An oroantral fistula (OAF) is an epithelialized oroantral communication (OAC), which refers to an abnormal connection between the oral cavity and the antrum. The creation of an OAC is most commonly due to the extraction of a maxillary tooth (typically a maxillary first molar) which is closely related to the antral floor. A small OAC up to 5 millimeters may heal spontaneously, but a larger OAC would require surgical closure to prevent the development of a persistent OAF and chronic sinusitis.

== Classification ==

Differences Between Oroantral Communications and Oroantral Fistulas
| OAC | OAF |
|---|---|
| Connection between oral cavity and antrum that is not epithelialised. | Connection between oral cavity and antrum that has epithelialised. |
| May develop immediately following the extraction of maxillary tooth that is close to antral floor. | Develops from OAC that has not healed spontaneously, has not been closed surgically, or initial attempts at surgical closure have failed. |
| If the communication is large, surgical treatment is required to prevent the development of a persistent OAF and chronic sinusitis. | Requires surgical treatment to remove and close the fistula. |

== Signs and symptoms ==

When looking in the mouth, a communication in the upper jaw (i.e. a hole) can be seen connecting the mouth to the maxillary sinus.

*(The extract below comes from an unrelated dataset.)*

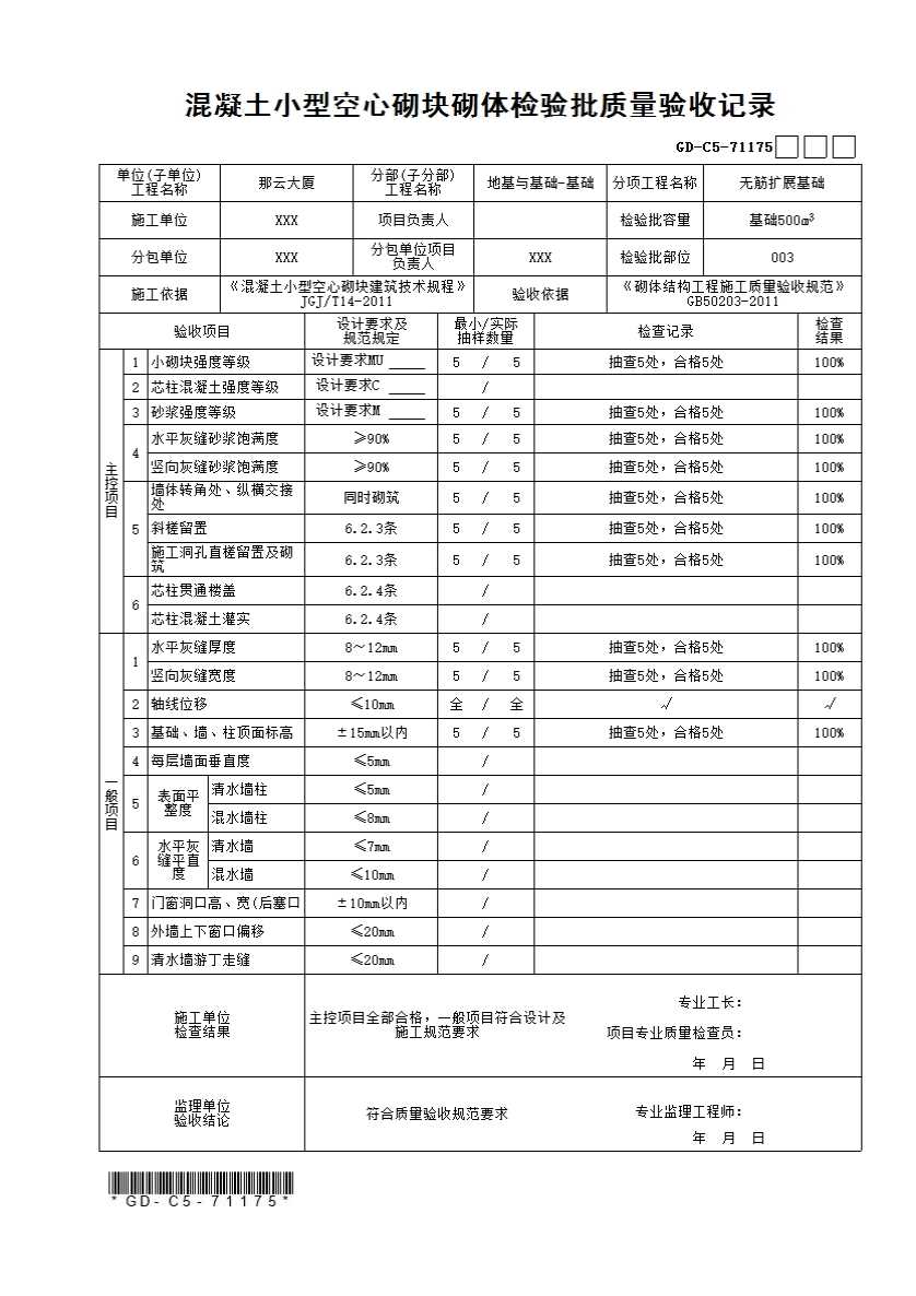 1.小砌块和芯柱混凝土、砌筑砂浆的强度等级:必须符合设计要求。

Sometimes this can be the only sign, as pain is not always present.

=== Symptoms ===
One symptom is a same-side nose blockage (unilateral nasal obstruction). When an OAC or OAF is present, the passage to the maxillary sinus can results in infection and inflammation. This subsequently results in mucus build up presenting as a unilateral nasal blockage.

Sinusitis may also be present as a pain in the middle of the face. Pain can also be referred to the upper teeth and be mistaken for toothache.

Another symptom is the movement of fluid from the mouth through the communication and into the maxillary sinus, as the maxillary sinus is connected to the nose and therefore fluid can come out of the nostrils when drinking.

There may be variations in the noises made by the voice and nose, particularly a whistling sound made when speaking.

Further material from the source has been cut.